Please transcribe exactly, and only, the lines of the data below between the line holding "Click on the" and the line holding "Nous vous informons", inclusive.

━━━━

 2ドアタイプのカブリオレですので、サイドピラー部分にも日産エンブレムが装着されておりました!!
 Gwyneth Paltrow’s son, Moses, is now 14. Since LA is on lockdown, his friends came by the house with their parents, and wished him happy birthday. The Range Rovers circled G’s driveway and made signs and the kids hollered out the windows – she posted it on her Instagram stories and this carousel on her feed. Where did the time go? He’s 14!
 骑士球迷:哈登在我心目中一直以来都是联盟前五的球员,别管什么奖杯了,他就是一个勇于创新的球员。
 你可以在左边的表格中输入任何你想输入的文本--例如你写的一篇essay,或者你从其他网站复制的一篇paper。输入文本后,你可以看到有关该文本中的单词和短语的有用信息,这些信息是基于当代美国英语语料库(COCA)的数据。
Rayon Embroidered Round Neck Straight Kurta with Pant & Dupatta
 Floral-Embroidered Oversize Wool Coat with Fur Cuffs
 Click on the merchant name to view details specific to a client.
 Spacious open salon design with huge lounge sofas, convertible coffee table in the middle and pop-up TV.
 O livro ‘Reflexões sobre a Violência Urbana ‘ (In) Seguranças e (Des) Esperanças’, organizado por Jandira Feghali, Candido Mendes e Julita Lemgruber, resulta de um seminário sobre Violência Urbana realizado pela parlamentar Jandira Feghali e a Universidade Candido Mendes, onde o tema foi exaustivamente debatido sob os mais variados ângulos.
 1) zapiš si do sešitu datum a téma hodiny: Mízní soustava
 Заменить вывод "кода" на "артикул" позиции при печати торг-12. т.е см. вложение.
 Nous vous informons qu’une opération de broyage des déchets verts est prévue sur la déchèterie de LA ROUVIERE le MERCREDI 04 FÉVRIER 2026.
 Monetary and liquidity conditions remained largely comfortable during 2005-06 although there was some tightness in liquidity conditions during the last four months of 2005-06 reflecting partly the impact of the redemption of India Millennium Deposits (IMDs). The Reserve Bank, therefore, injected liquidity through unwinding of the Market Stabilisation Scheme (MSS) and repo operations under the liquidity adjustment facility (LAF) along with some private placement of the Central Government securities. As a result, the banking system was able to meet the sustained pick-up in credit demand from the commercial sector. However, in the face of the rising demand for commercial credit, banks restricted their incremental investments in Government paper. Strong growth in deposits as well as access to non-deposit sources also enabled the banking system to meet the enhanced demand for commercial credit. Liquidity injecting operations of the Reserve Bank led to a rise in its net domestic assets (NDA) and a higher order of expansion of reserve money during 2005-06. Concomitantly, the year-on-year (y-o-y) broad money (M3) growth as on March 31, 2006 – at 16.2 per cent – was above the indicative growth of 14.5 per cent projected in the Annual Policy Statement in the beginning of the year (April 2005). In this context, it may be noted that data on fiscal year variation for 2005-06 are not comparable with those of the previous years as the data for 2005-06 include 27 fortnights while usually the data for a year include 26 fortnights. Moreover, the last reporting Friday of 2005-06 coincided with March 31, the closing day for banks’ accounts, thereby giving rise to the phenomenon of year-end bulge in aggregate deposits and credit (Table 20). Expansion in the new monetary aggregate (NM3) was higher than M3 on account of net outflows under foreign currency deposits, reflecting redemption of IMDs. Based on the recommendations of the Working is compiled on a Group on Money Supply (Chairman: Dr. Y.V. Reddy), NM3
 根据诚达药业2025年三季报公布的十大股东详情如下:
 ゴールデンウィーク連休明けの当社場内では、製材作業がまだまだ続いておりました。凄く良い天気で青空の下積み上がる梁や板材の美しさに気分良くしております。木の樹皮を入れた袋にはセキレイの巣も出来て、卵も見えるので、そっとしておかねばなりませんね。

━━━━

**RESULT BELOW**
 Click on the merchant name to view details specific to a client.
 Spacious open salon design with huge lounge sofas, convertible coffee table in the middle and pop-up TV.
 O livro ‘Reflexões sobre a Violência Urbana ‘ (In) Seguranças e (Des) Esperanças’, organizado por Jandira Feghali, Candido Mendes e Julita Lemgruber, resulta de um seminário sobre Violência Urbana realizado pela parlamentar Jandira Feghali e a Universidade Candido Mendes, onde o tema foi exaustivamente debatido sob os mais variados ângulos.
 1) zapiš si do sešitu datum a téma hodiny: Mízní soustava
 Заменить вывод "кода" на "артикул" позиции при печати торг-12. т.е см. вложение.
 Nous vous informons qu’une opération de broyage des déchets verts est prévue sur la déchèterie de LA ROUVIERE le MERCREDI 04 FÉVRIER 2026.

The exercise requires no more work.